La investigación de la muerte de Sandra desnudó los prejuicios sexistas y de clase de la Justicia. En el expediente se equipara a las trabajadoras sexuales que participan de ese negocio ilegal con los policías que las reclutan. Una vez más, la institución es cómplice. Hubo un solo juez que realmente trabajó para esclarecer el crimen, Carlos Carbone, que tomó 116 testimonios y procesó a Parvluczyk. Claro que para este magistrado, todo se reducía a un crimen “pasional”. El único imputado estuvo apenas seis meses detenido. La Cámara de Apelaciones integrada por Alberto Bernardini, Eduardo Sorrentino y Ernesto Pangia decidió que los testimonios de las trabajadoras sexuales no alcanzaban, que no valían. Y lo dijo textualmente. Los desestimó al considerar que provenían de “personas con actividades callejeras que transcurren sus madrugadas con un itinerario errante” y consideró que no había elementos para incriminar al sospechoso.
Desesperadas por evitar el cierre de la investigación, las dirigentes de Ammar lanzaron el 27 de octubre pasado una campaña de firmas, a la que puede adherirse en www.ammar.org.ar o en [email protected]. También presentaron una lectura crítica del expediente, que realizó el periodista rosarino Carlos Del Frade. Las conclusiones fueron contundentes. “La investigación judicial no siguió las pistas que vinculan a dueños de boliches con policías provinciales y federales. El asesinato de la secretaria general de Ammar Rosario logró terminar con las denuncias que habían logrado la remoción de la cúpula de la división Moralidad Pública”, indicó Del Frade, que puso las cosas en su lugar: “El crimen de Sandra Cabrera no fue pasional, aunque los jueces se hayan empeñado en mostrarlo así.

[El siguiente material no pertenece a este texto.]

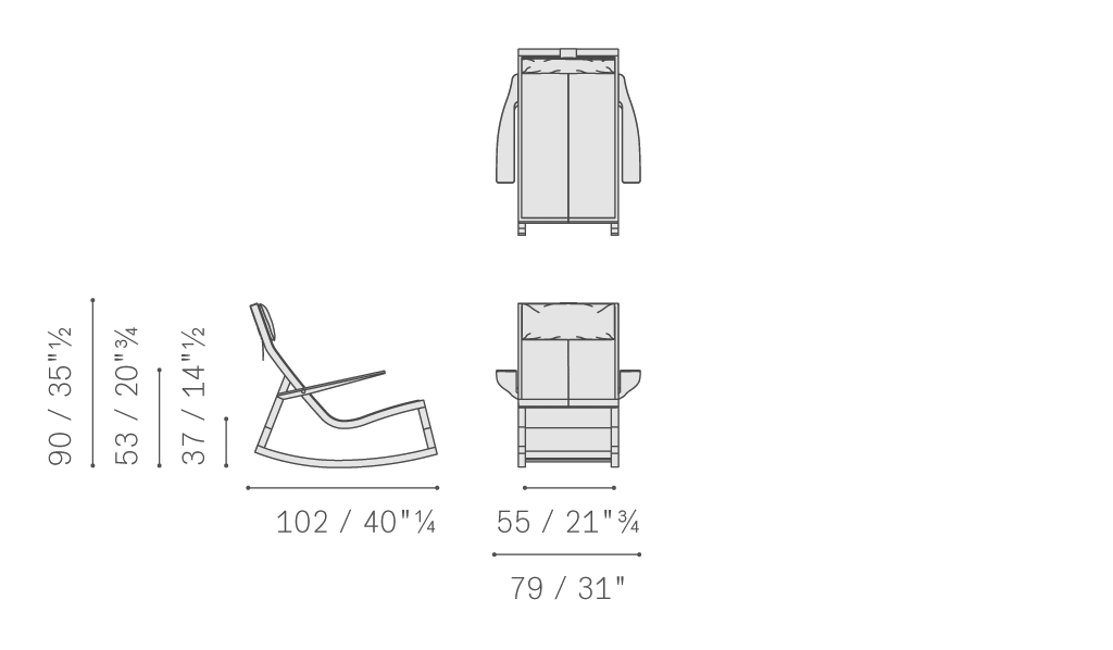 Don’do搖椅主體和扶手采用取自印模的硬質聚氨酯制作,以金屬嵌塊強化。支腳采用珍貴的蒸汽彎曲橡木實木,使用古核桃木效果表面處理。覆蓋Pelle Frau?軟皮。特殊的縱向接縫裝飾主體覆層的整個表面。可以通過扶手椅后側的打孔帶調整頭枕靠墊高度。

Fue un crimen estructural”. “Parte de la policía Federal y provincial vende drogas a partir de la extorsión a mujeres que trabajan en las esquinas de Rosario”, afirmó Del Frade. No se le ocurrió a él, está probado por innumerables testimonios. “El poder Judicial se convierte en cómplice”, concluyó.
No es el único cómplice. Apenas mataron a Sandra, el entonces gobernador Jorge Obeid desmanteló Moralidad Pública, y prometió que derogaría el Código de Faltas que habilita la extorsión policial. Pero eso nunca ocurrió, los múltiples proyectos no pasan de las comisiones de la Cámara de Diputados. El año pasado, la legisladora socialista Lucrecia Aranda insistió con una iniciativa, pero no logró ni siquiera que se tratara.
Tras el asesinato, en Ammar nada fue igual. Claudia Lucero, la comadre de Sandra, se hizo cargo a puro coraje y voluntad. Pero es difícil llegar a las compañeras. Incluso, muchas de las chicas, en las inmediaciones de la Terminal, solidarias, le advierten: “No te metas tanto, te va a pasar como a Sandra”. El miedo funcionó como gran disciplinador.
Sandra era rebelde, indómita, no tenía miedo de hacer lo que le parecía. Sabía que denunciar la corrupción policial era peligroso. Aprendió a hablar con diputados, con ministros, con gente poderosa que la miraba con desprecio, para impulsar la derogación de los tres artículos del Código de Faltas. No era impoluta ni perfecta, como parecen pedir ciertas mentes bienpensantes a las víctimas de violencia política. Era una mujer luchadora, que vivía en los márgenes y con esos códigos sabía manejarse. Y una dirigente social que puso el acento donde otros callaban: en el poder.